Print the listing below exactly, images excluded.

----- RAW DATA -----

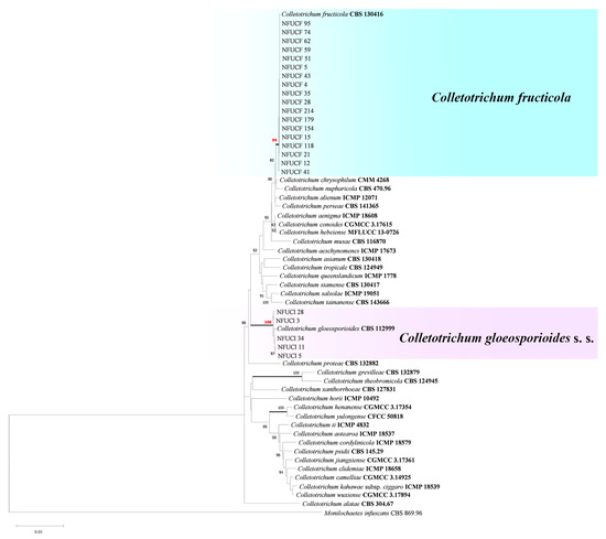 For isolates in the Gloeosporioides complex, phylogenetic analyses of eight concatenated loci (ITS, GADPH, CHS-1, ACT, TUB, CAL, GS and ApMat) sequences were carried out with corresponding sequences from 39 authentic specimens (Table A1). The concatenated matrixes of the aligned dataset were composed of 3537 characters and gaps in the alignment. The GTR+G model was selected based on the AIC to reconstruct the ML tree. For BI analysis, the corresponding models were selected by MrModeltest: GTR+I+G for ITS; K80+G for GAPDH and ApMat; HKY+I+G for CHS-1; and GTR+G for ACT, TUB, CAL and GS. The isolates in the Gloeosporioides complex were clustered into two well-supported clades (Bv > 99% and Bayesian PP = 1.00): 18 isolates were grouped into the C. fructicola clade, and five were clustered with C. gloeosporioides s. s. (Figure 2).
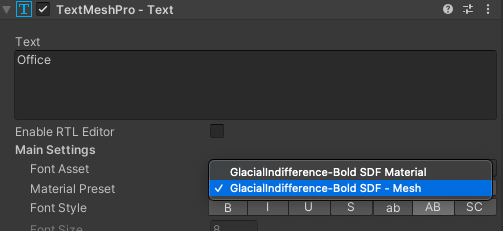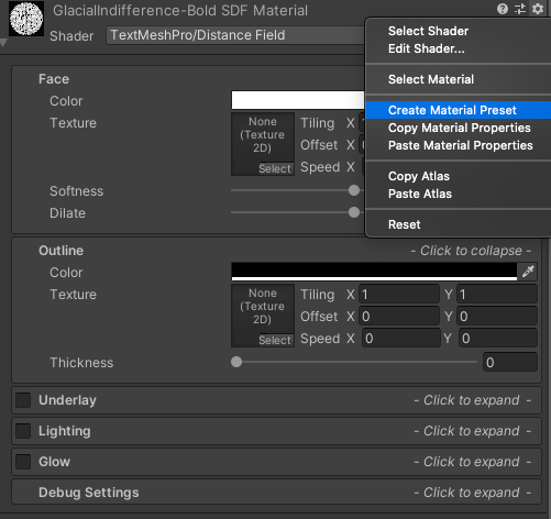 Rename it to something that you know, that this preset is either used for all TextMeshPro objects or all TextMeshProUGUI objects. And then assign that material to all objects:
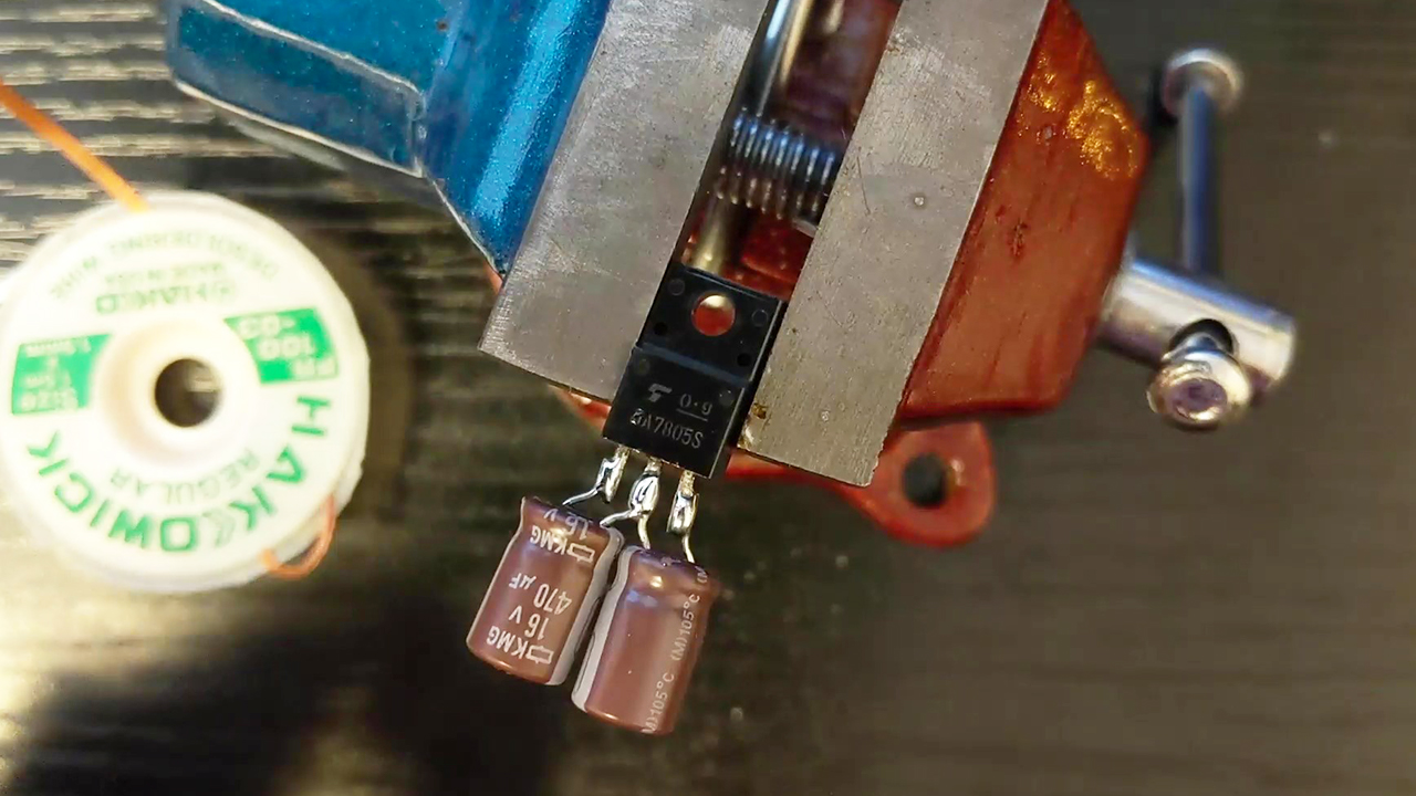 なお、三端子レギュレーター用の入力端子・出力端子それぞれに、電解コンデンサ(470μF/16V)を入れています。

-----

EXERCISE SOLUTION →
 For isolates in the Gloeosporioides complex, phylogenetic analyses of eight concatenated loci (ITS, GADPH, CHS-1, ACT, TUB, CAL, GS and ApMat) sequences were carried out with corresponding sequences from 39 authentic specimens (Table A1). The concatenated matrixes of the aligned dataset were composed of 3537 characters and gaps in the alignment. The GTR+G model was selected based on the AIC to reconstruct the ML tree. For BI analysis, the corresponding models were selected by MrModeltest: GTR+I+G for ITS; K80+G for GAPDH and ApMat; HKY+I+G for CHS-1; and GTR+G for ACT, TUB, CAL and GS. The isolates in the Gloeosporioides complex were clustered into two well-supported clades (Bv > 99% and Bayesian PP = 1.00): 18 isolates were grouped into the C. fructicola clade, and five were clustered with C. gloeosporioides s. s. (Figure 2).
 Rename it to something that you know, that this preset is either used for all TextMeshPro objects or all TextMeshProUGUI objects. And then assign that material to all objects:
 なお、三端子レギュレーター用の入力端子・出力端子それぞれに、電解コンデンサ(470μF/16V)を入れています。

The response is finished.